» **YOUR OBJECTIVE**
Set down, please, the line that contains "2022年1月18日,中国电机工程学会发来感谢信,对a漫" and every line that follows it to the end of the records, exactly; do not include pictures.

» **RECORDS SUPPLIED**
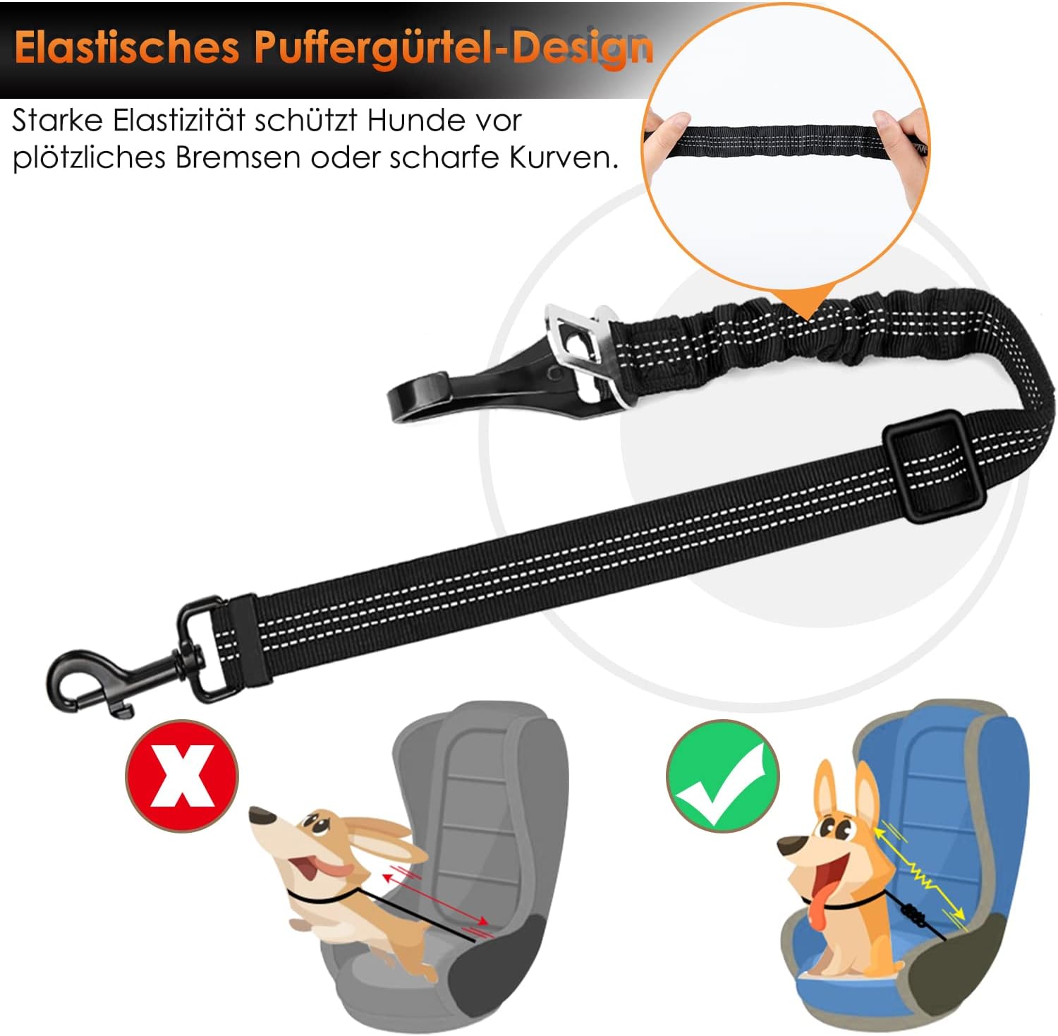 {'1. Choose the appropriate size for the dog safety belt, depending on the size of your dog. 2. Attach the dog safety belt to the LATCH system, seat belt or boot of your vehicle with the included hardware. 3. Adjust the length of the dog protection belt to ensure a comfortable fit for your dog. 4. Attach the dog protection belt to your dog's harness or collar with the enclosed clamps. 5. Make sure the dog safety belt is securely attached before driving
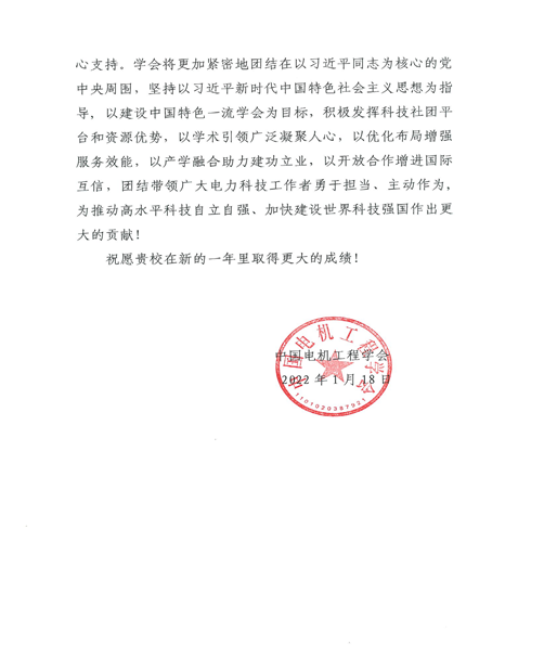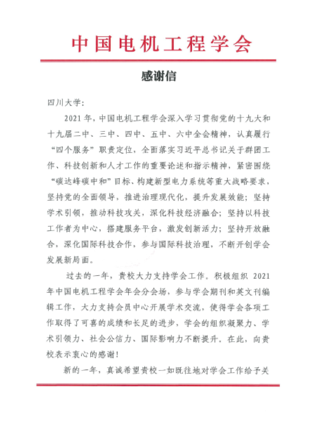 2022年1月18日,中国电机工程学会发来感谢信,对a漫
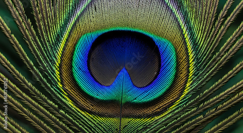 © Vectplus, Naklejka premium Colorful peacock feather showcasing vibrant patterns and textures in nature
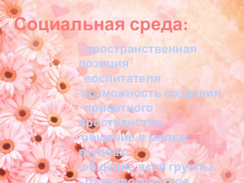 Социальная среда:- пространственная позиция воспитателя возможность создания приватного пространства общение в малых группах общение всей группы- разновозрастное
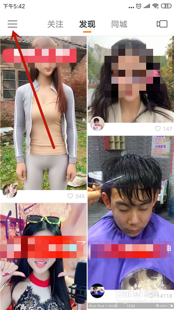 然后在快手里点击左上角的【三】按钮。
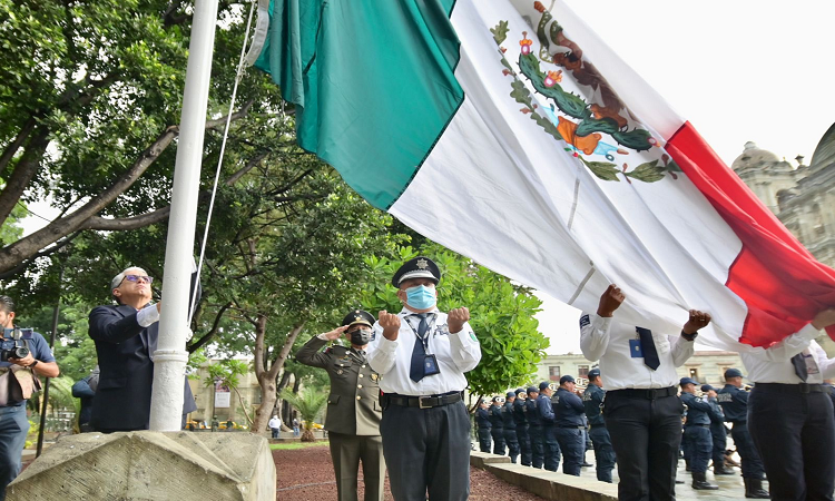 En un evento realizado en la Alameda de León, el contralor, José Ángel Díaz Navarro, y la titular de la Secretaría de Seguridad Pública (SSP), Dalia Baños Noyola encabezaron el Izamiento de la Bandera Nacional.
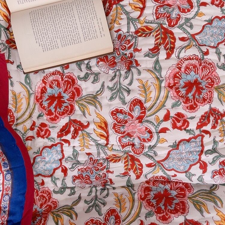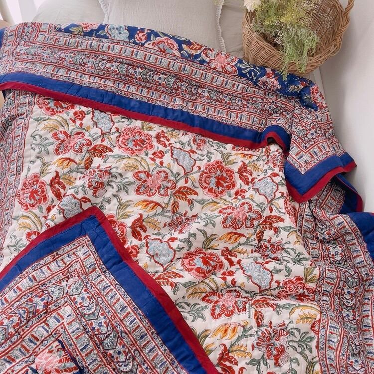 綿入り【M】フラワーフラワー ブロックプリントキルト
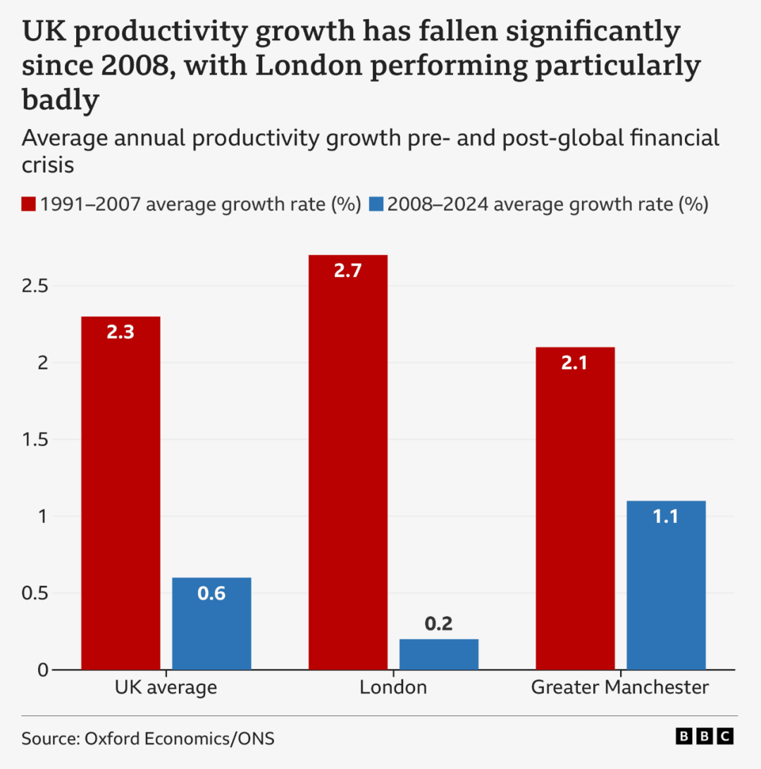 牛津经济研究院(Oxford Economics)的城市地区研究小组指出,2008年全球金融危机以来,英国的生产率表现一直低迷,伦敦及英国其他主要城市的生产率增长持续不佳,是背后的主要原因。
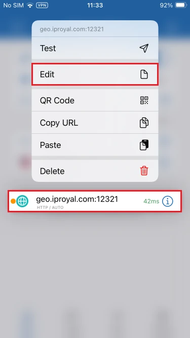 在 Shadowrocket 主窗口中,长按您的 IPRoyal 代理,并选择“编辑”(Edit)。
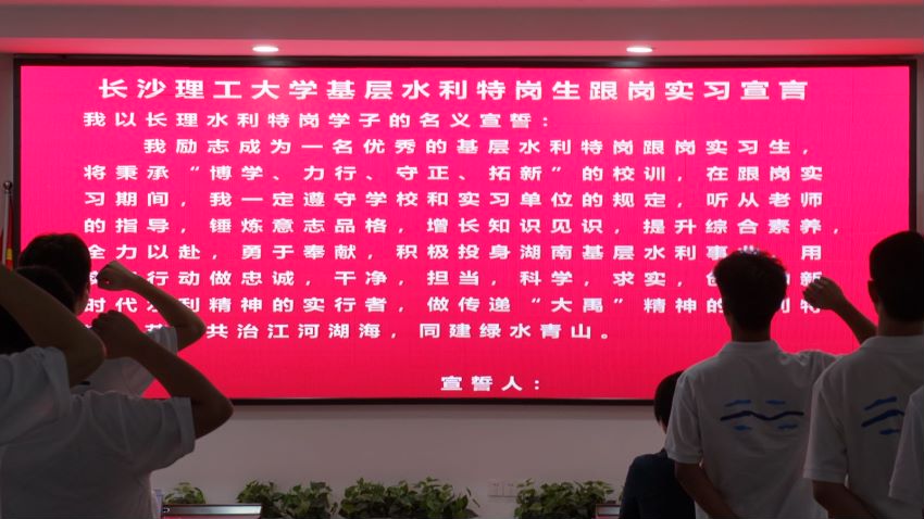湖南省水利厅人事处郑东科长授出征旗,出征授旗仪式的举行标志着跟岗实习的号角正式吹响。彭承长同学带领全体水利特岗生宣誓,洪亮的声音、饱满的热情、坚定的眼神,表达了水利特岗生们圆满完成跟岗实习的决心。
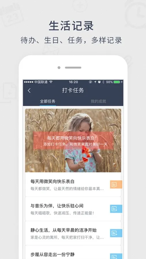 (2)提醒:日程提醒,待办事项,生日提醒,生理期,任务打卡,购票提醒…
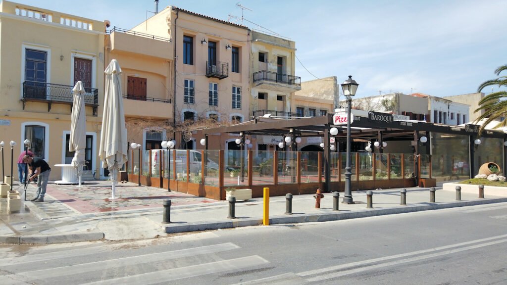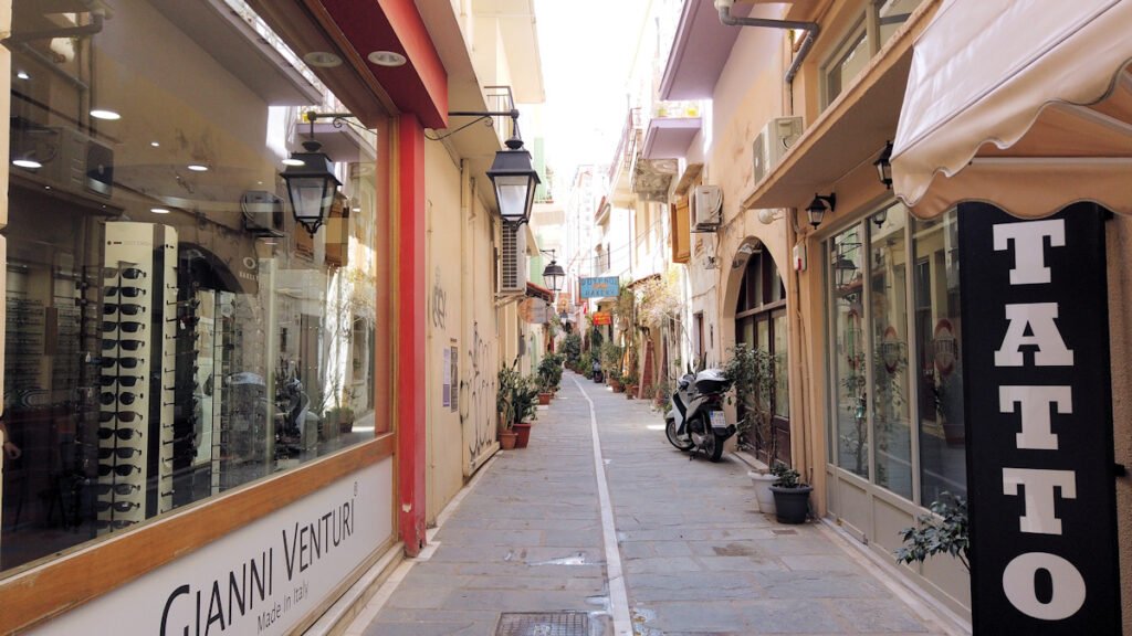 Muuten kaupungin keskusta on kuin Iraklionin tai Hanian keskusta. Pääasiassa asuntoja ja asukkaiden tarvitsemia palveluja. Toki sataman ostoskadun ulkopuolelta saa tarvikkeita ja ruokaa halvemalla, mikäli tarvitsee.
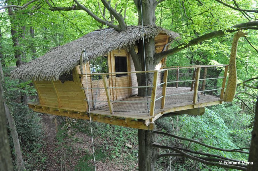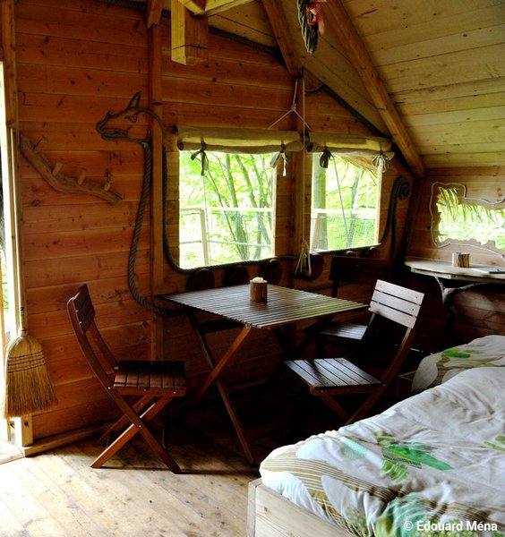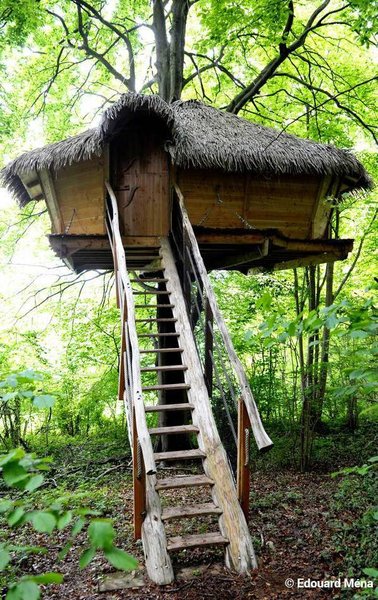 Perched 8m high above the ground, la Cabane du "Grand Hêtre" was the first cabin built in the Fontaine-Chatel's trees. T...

» **OUTPUT OF THE TASK**
 2022年1月18日,中国电机工程学会发来感谢信,对a漫
 © Vectplus, Naklejka premium Colorful peacock feather showcasing vibrant patterns and textures in nature
 Социальная среда:- пространственная позиция воспитателя возможность создания приватного пространства общение в малых группах общение всей группы- разновозрастное
 然后在快手里点击左上角的【三】按钮。
 En un evento realizado en la Alameda de León, el contralor, José Ángel Díaz Navarro, y la titular de la Secretaría de Seguridad Pública (SSP), Dalia Baños Noyola encabezaron el Izamiento de la Bandera Nacional.
 綿入り【M】フラワーフラワー ブロックプリントキルト
 牛津经济研究院(Oxford Economics)的城市地区研究小组指出,2008年全球金融危机以来,英国的生产率表现一直低迷,伦敦及英国其他主要城市的生产率增长持续不佳,是背后的主要原因。
 在 Shadowrocket 主窗口中,长按您的 IPRoyal 代理,并选择“编辑”(Edit)。
湖南省水利厅人事处郑东科长授出征旗,出征授旗仪式的举行标志着跟岗实习的号角正式吹响。彭承长同学带领全体水利特岗生宣誓,洪亮的声音、饱满的热情、坚定的眼神,表达了水利特岗生们圆满完成跟岗实习的决心。
 (2)提醒:日程提醒,待办事项,生日提醒,生理期,任务打卡,购票提醒…
 Muuten kaupungin keskusta on kuin Iraklionin tai Hanian keskusta. Pääasiassa asuntoja ja asukkaiden tarvitsemia palveluja. Toki sataman ostoskadun ulkopuolelta saa tarvikkeita ja ruokaa halvemalla, mikäli tarvitsee.
 Perched 8m high above the ground, la Cabane du "Grand Hêtre" was the first cabin built in the Fontaine-Chatel's trees. T...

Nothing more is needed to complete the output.